(Source records)
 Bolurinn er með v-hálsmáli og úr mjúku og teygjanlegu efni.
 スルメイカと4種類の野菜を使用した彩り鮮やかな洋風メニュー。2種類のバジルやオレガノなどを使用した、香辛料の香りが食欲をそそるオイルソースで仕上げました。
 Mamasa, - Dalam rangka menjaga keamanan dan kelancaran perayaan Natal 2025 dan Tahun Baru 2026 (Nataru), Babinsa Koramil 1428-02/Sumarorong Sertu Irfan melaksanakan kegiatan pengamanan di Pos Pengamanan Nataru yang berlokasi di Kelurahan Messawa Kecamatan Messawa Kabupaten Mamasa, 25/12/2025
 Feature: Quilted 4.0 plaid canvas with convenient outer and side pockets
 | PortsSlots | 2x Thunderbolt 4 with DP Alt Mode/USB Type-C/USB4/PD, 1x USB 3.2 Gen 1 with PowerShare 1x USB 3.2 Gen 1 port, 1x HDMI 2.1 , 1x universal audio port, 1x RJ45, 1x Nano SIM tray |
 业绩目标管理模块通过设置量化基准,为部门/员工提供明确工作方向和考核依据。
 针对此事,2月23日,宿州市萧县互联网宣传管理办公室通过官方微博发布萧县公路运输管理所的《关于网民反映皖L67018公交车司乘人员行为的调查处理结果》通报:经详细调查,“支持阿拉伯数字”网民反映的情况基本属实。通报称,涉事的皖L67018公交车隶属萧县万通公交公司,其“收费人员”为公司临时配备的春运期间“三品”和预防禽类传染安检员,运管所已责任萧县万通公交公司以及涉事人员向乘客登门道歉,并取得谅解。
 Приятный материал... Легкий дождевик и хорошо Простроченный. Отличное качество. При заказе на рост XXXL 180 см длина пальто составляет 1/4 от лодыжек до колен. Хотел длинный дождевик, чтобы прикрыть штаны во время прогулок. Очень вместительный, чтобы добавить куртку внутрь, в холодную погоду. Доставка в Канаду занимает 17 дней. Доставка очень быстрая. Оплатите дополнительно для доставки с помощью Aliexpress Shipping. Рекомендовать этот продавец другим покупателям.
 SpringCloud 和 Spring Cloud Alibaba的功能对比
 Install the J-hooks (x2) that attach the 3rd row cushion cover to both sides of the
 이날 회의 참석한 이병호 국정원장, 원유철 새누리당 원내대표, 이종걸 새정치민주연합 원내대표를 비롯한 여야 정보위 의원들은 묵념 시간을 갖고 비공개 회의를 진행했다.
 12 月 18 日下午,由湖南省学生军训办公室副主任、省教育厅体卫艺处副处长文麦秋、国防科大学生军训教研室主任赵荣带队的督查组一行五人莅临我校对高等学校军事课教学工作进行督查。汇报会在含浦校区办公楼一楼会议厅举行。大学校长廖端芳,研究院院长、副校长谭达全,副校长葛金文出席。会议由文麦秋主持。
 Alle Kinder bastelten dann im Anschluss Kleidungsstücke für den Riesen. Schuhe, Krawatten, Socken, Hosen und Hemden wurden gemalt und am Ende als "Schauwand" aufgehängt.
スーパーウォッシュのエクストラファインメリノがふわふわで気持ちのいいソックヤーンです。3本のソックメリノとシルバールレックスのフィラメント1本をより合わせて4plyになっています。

What you are asked to do: Scanning the data above, copy out every line where "with" is found.

Answer for the task:
 Feature: Quilted 4.0 plaid canvas with convenient outer and side pockets
 | PortsSlots | 2x Thunderbolt 4 with DP Alt Mode/USB Type-C/USB4/PD, 1x USB 3.2 Gen 1 with PowerShare 1x USB 3.2 Gen 1 port, 1x HDMI 2.1 , 1x universal audio port, 1x RJ45, 1x Nano SIM tray |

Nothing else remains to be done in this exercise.